▶ [Brief]:
Excluding pictures, what does the listing below contain from the line with "게임 세팅은 서로 다른" up to and including the line with "Cambridge Tree Trust", word for word?

▶ [Data]:
********************

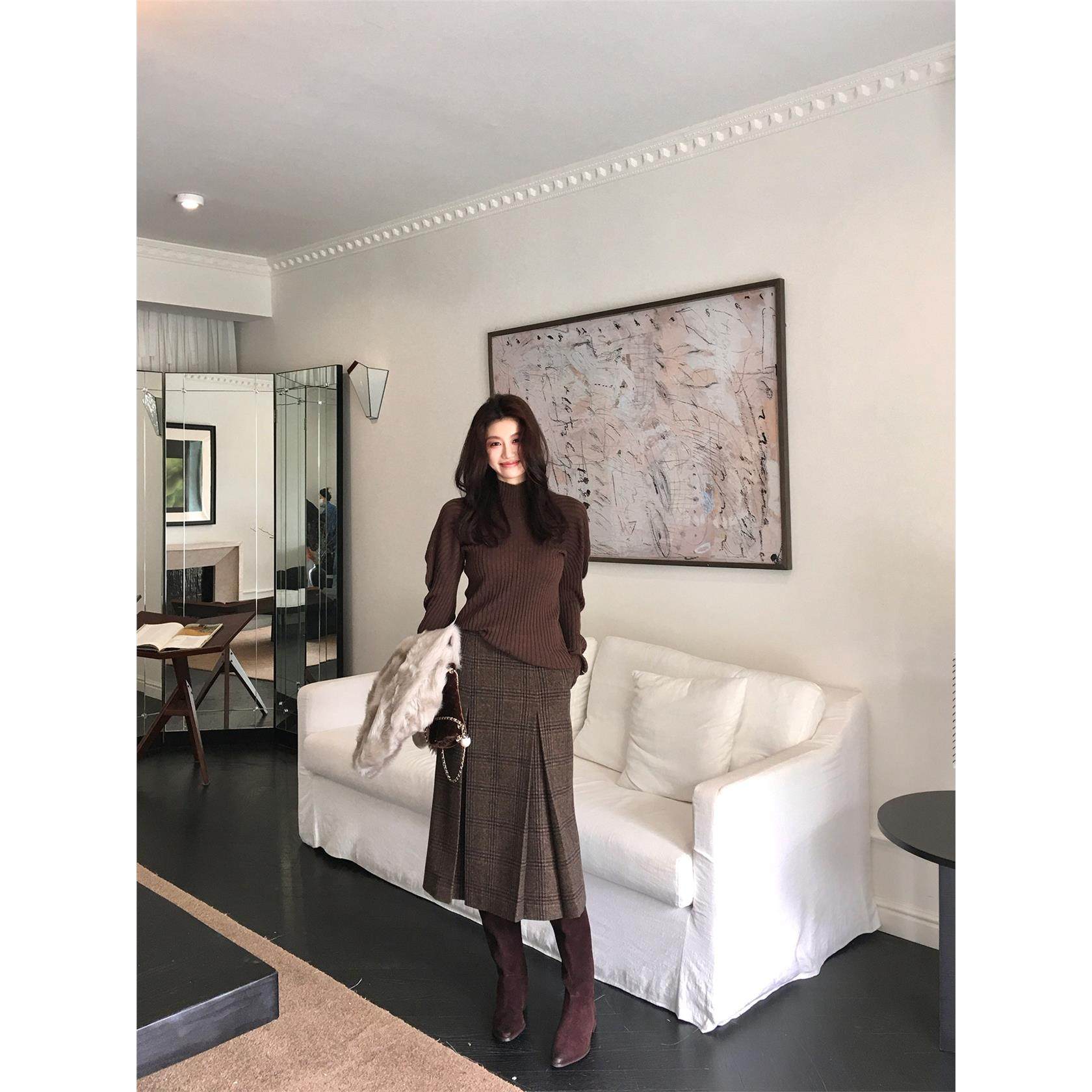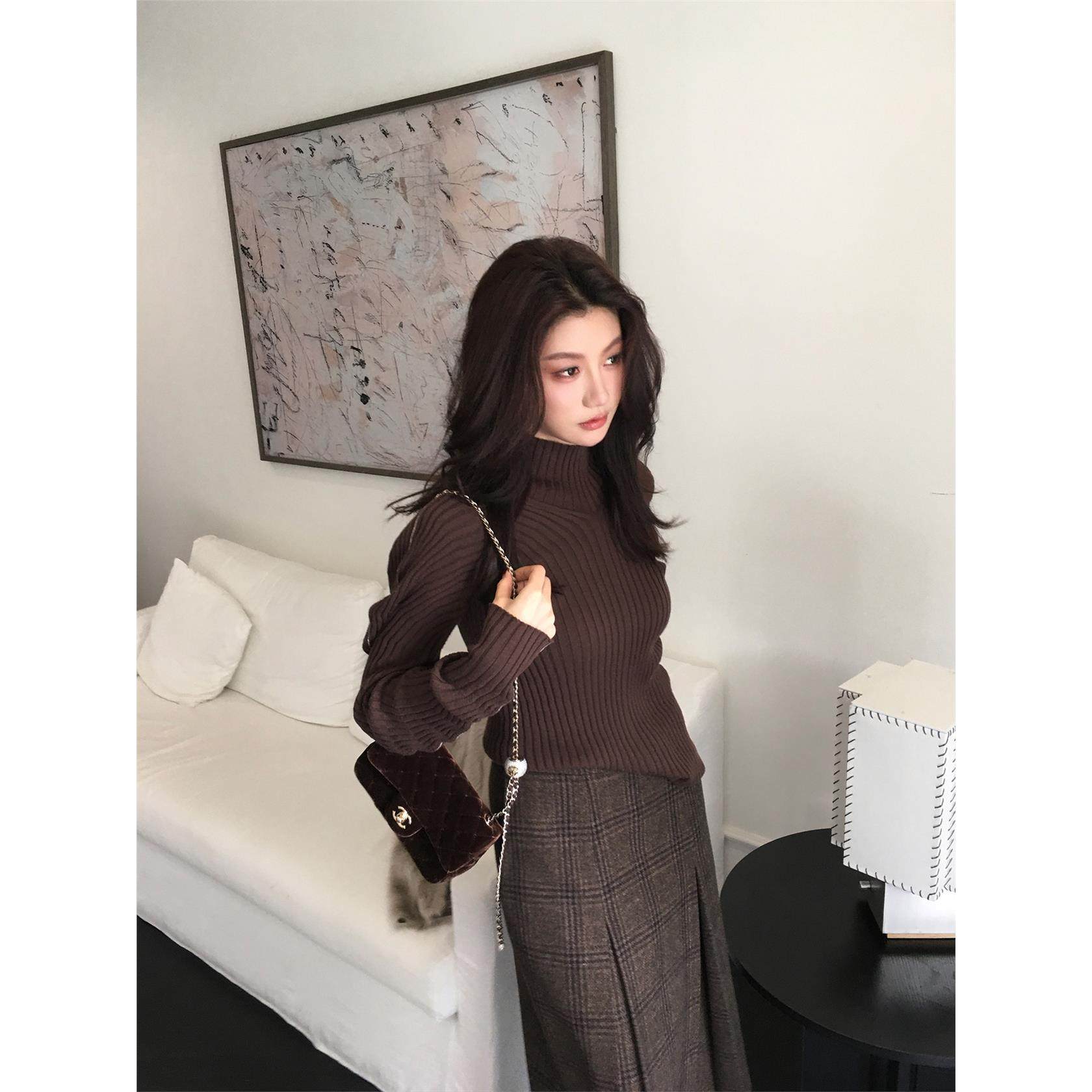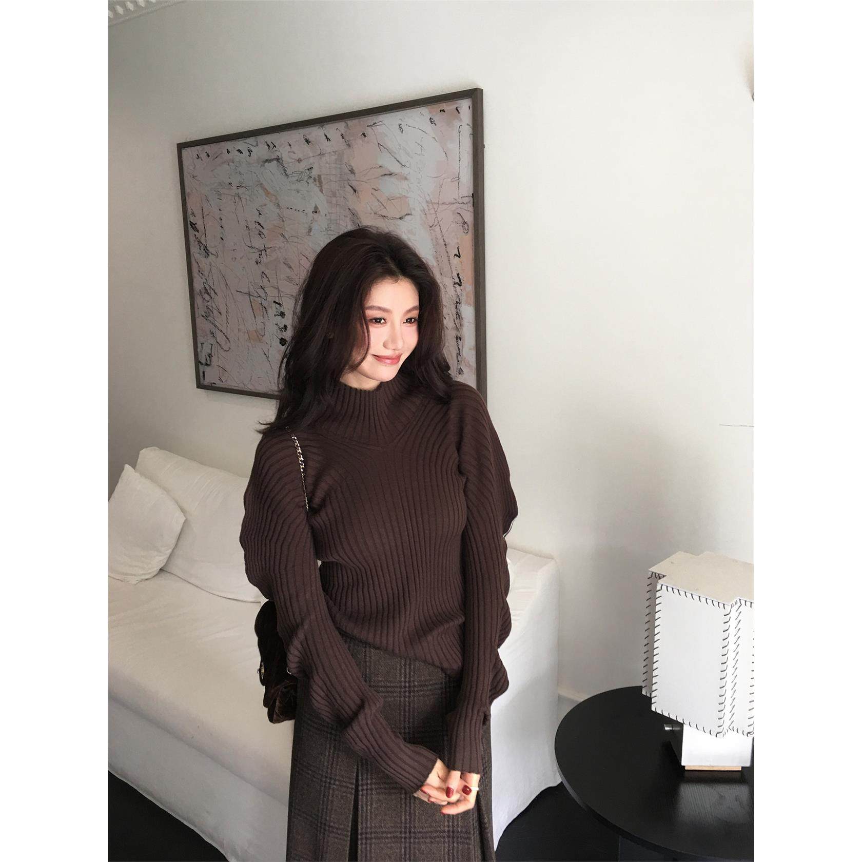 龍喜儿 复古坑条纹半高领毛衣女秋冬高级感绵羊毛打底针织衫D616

********************

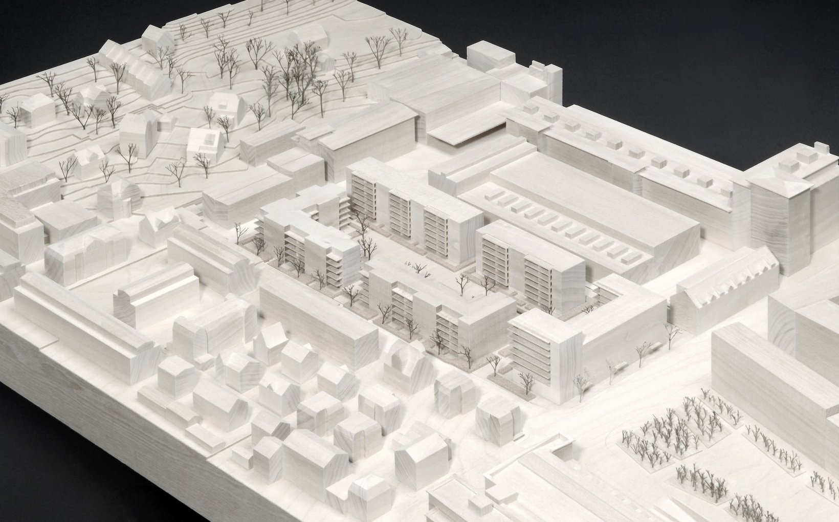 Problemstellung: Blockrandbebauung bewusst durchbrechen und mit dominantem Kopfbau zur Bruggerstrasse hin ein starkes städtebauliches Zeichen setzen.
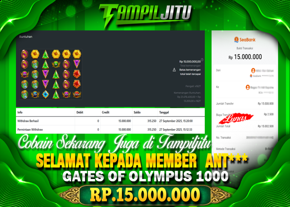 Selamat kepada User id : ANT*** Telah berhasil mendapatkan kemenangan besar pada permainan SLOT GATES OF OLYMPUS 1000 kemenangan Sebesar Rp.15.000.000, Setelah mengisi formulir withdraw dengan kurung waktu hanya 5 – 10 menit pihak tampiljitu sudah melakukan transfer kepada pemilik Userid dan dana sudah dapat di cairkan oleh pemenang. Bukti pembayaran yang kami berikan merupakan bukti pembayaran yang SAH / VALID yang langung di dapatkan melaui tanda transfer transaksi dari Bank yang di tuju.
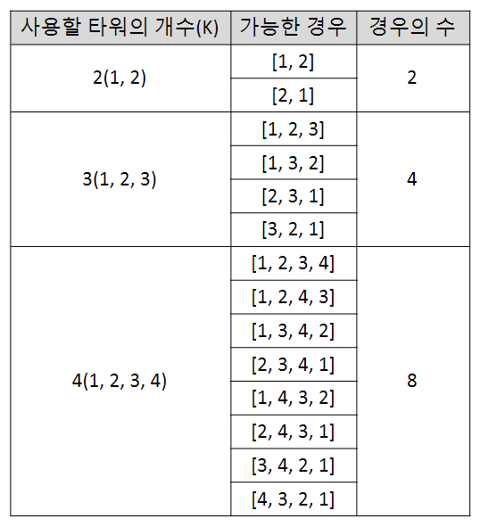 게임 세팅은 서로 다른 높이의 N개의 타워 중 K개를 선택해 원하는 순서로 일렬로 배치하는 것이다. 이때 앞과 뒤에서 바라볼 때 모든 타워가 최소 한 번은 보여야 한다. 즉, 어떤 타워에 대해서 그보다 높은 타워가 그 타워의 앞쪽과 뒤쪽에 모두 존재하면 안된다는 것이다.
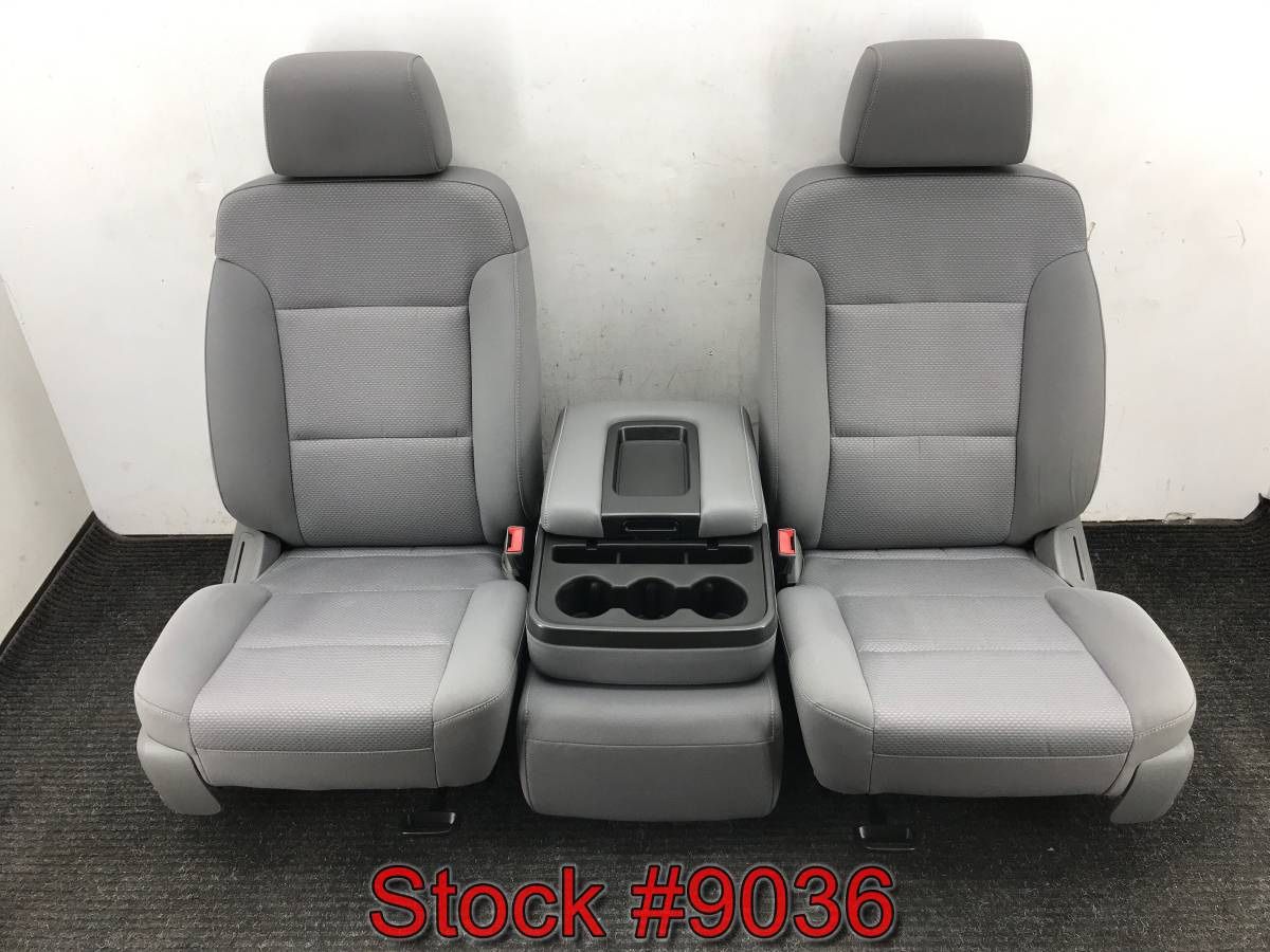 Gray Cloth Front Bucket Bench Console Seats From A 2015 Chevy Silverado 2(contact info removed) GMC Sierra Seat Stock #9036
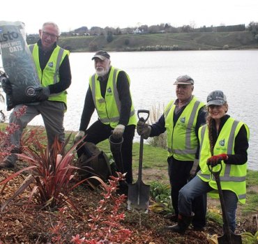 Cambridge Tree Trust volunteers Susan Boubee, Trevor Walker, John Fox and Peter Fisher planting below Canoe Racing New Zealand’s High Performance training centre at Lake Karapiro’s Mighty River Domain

********************

▶ [Task output]:
 게임 세팅은 서로 다른 높이의 N개의 타워 중 K개를 선택해 원하는 순서로 일렬로 배치하는 것이다. 이때 앞과 뒤에서 바라볼 때 모든 타워가 최소 한 번은 보여야 한다. 즉, 어떤 타워에 대해서 그보다 높은 타워가 그 타워의 앞쪽과 뒤쪽에 모두 존재하면 안된다는 것이다.
 Gray Cloth Front Bucket Bench Console Seats From A 2015 Chevy Silverado 2(contact info removed) GMC Sierra Seat Stock #9036
 Cambridge Tree Trust volunteers Susan Boubee, Trevor Walker, John Fox and Peter Fisher planting below Canoe Racing New Zealand’s High Performance training centre at Lake Karapiro’s Mighty River Domain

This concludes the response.